Closed anudit closed 1 month ago

anudit commented 1 month ago

I run into the following error on flashrank==0.2.4

onnxruntime.capi.onnxruntime_pybind11_state.NoSuchFile: [ONNXRuntimeError] : 3 : NO_SUCHFILE : Load model from /tmp/ms-marco-TinyBERT-L-2-v2/flashrank-TinyBERT-L-2-v2.onnx failed:Load model /tmp/ms-marco-TinyBERT-L-2-v2/flashrank-TinyBERT-L-2-v2.onnx failed. File doesn't exist

Manually changing the cache dir from /tmp to ./ fixes this. Would love to be able to do this directly from langchain from langchain.retrievers.document_compressors import FlashrankRerank

Passing a client manually also doesn't work as it downloads the model correctly but still seems to be reading from the /tmp directory.

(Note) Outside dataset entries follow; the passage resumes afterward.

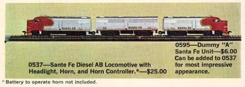 quote:What you have is a frame with horn for the Santa Fe 0535 Alco B unit. It was cataloged from 1962 thru 1966.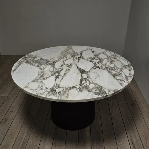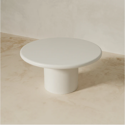Liebe round dining table with cylindrical pedestal base in matte off-white finish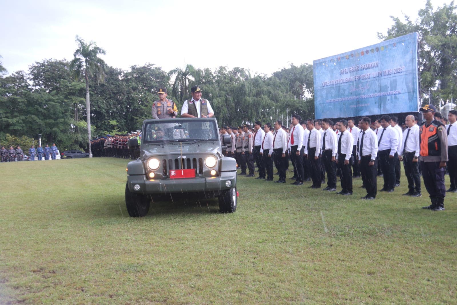 Apel gelar pasukan tersebut dipimpin langsung oleh Kapolda Sumsel Irjen Pol Andi Rian R. Djajadi, S.I.K., M.H., bersama Gubernur Sumatera Selatan Dr. H. Herman Deru. Seluruh peserta apel dari unsur TNI, Polri, serta instansi terkait tetap berdiri di lapangan mengikuti rangkaian kegiatan tanpa meninggalkan barisan, mencerminkan semangat pengabdian dan komitmen dalam menjalankan tugas negara.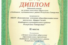 Кайбыч районы белем бирү учреждениеләре арасында үткән "Яңа елга әзерлек" буенча конкурста безнең мәктәп II нче урынга лаек булды! Әлеге уңышка ирешүдә барлык укучыларның, укытучыларның, мәктәп хезмәткәрләренең һәм әти-әниләрнең өлеше зур. Барчагызга да зур рәхмәтебезне белдерәбез!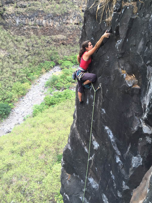 C’est chose faire maintenant (voie qui reste un peu poussiéreuse car nous n’avions pas de balayette, mais grimpable). La partie difficile de la voie est maintenant uniquement sa partie basse, technique. La cotation de l’ensemble ne devrait plus dépasser le 7a, et cette belle ligne devient ainsi bien plus accessible.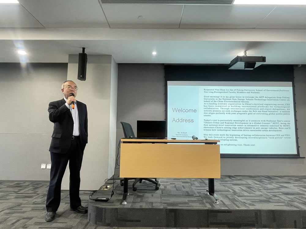 中国电工技术学会秘书长韩毅首先对北京大学政府管理学院MPP项目师生表示欢迎。韩毅秘书长强调了学会始终致力于搭建国际交流平台,促进“一带一路”倡议下的科技交流,并期待未来与北京大学政管院在跨界人才培养方面展开深度合作。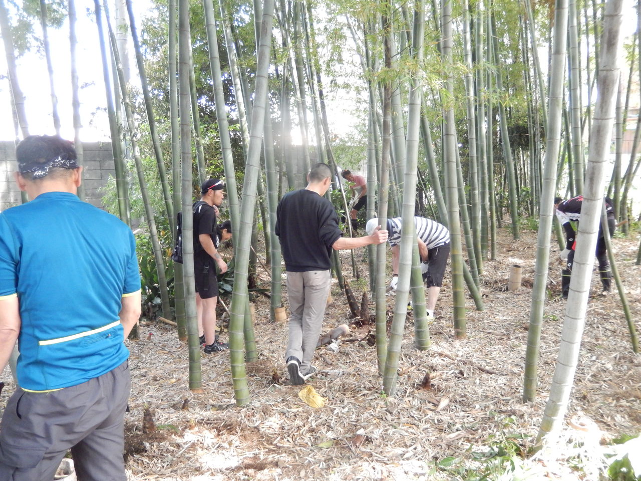 竹林の中にサイクルジャージの方が多数、少し異様な光景ですが皆さん楽しそうにたけのこを掘っておりました

compressor = FlashrankRerank(
    model="ms-marco-TinyBERT-L-2-v2", 
    top_n=5,
    client=Ranker(model_name="ms-marco-TinyBERT-L-2-v2",cache_dir='./')
)
walterheck commented 1 month ago

I am facing the same issue

PrithivirajDamodaran commented 1 month ago

@anudit - Thanks for reaching out. FlashRank exposes cache_dir as a init param. While '/tmp' is considered as a sensible default (as model files will be automatically cleaned upon restart), people running lambda like serverless cannot use /tmp hence cache_dir is exposed.

That being said I don't own the Langchain integration of FlashRank, so I neither can comment (on why it is not letting you use the parameters like cache_dir upon init) nor I can reproduce it at FlashRank end. It is a good idea to open an issue with Langchain to modify the integration so it allows devs to take advantage of the cache_dir init param.